Daniel Sillman (born 1989) is an American sports executive, entrepreneur and film producer. He is the CEO of Relevent Sports Group (RSG), a live soccer events and media company that owns and operates the International Champions Cup (ICC). Sillman was executive producer of the ESPN documentary about Ada Hegerberg, My Name is Ada Hegerberg; and the Netflix docuseries about Brazilian soccer star Neymar, The Perfect Chaos.

Career 
Sillman founded Compass Management Group, while a student at the University of Michigan, which offered financial services to athletes and entertainers, including Brandon Graham, who later played for the Philadelphia Eagles.

After selling Compass in 2014, Sillman joined RSE Ventures, a private investment firm owned by Stephen M. Ross. In 2017 he led the strategy to bring El Clásico, a soccer match between Barcelona and Real Madrid, to the US in pre-season for the first time, and outside of Spain for the second time in 100 years. Following the match, in July 2017 Sillman became the CEO of RSG.

Sillman led the creation of the Women's International Champions Cup and the International Champions Cup Futures tournament.
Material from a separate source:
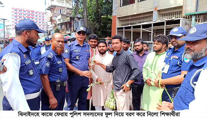 ঝিনাইদহ ট্রাফিক ইন্সপেক্টর মশিউর রহমান জানান, জেলার ৬ উপজেলার ৪০ টি গুরুত্বপূর্ণ স্থানে তারা কাজ শুরু করেছেন। এতে তাদের সহযোগীতা করছেন শিক্ষার্থীসহ রেডক্রিসেন্টের সদস্যরা। এদিকে কাজে ফেরায় পুলিশ সদস্যদের ফুল দিয়ে বরণ করে নেয় সাধারণ শিক্ষার্থীরা। দুপুরে ঝিনাইদহ শহরের পোস্ট অফিস মোড়ে কর্মরত পুলিশ সদস্যদের ফুল দিয়ে বরণ করে নেয় বৈষম্যবিরোধী আন্দোলনের কর্মীরা। এ সময় শিক্ষার্থীদের পক্ষে মেহেদি হাসান রাজু, আবরার জাহিন রনি, তানজিম বিন আলীম, মাসুদ রানা পারভেজ ও সাব্বির হোসাইনসহ ছাত্র সংগঠনের নেতারা উপস্থিত ছিলেন।
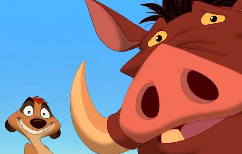 تیمون و پومبا هر دو از دار و دسته ی هم نوعان خودشان طرد میشوند اما خوشبختانه همدیگر را پیدا میکنند. آنها در کنار هم زندگی راحتی دارند و «فلسفهی بدون مشکل بودن» را با گونه های ناجور دیگری از جمله سیمبا به اشتراک میگذارند. تیمون و پومبا به روش خاص خودشان خندهدار هستند و صمیمیتشان با حیوانات بی خانوادهی دیگر، آنها را به موجودات لذتبخشی تبدیل میکند.

In August 2018 Sillman negotiated a 15-year joint venture deal on behalf of RSG with La Liga, with the goal of promoting soccer in Canada and the US. In 2020, Sillman as part of the JV negotiated an eight-year, $1.4 billion broadcast deal between LaLiga and ESPN, the largest broadcast rights deal for a foreign league in US history. Also in 2020, the JV expanded to include Mexico.

Sillman is executive producer of the 2020 full-length documentary on ESPN about the Norwegian female soccer player Ada Hegerberg, My Name is Ada Hegerberg. He is an executive producer on the Netflix docuseries about Brazilian soccer star Neymar, The Perfect Chaos.

In June 2021, the JV between Relevent Sports Group and LaLiga announced an eight-year, $1.4 billion broadcast deal to stream all 380 La Liga matches on ESPN Plus, with some televised on ESPN’s networks. In November 2021, the JV reached an eight-year extension with Televisa to broadcast LaLiga in Mexico, worth $560 million.

In February 2022, UEFA awarded Relevent Sports Group to act as UEFA and the European Club Association’s sales agent for US media rights of UEFA club competition. In August 2022, Paramount reached a 6-year deal with UEFA valued at $1.5 billion, more than 2.5 times the value of the prior deal.

Sillman was included on the Forbes “30 Under 30 2018: Sports” list, Sports Business Journal's 2019 “Forty Under 40” list, and Leaders Under 40 2022 list.

Sillman is a long time business partner with 3-time NBA Champion Draymond Green.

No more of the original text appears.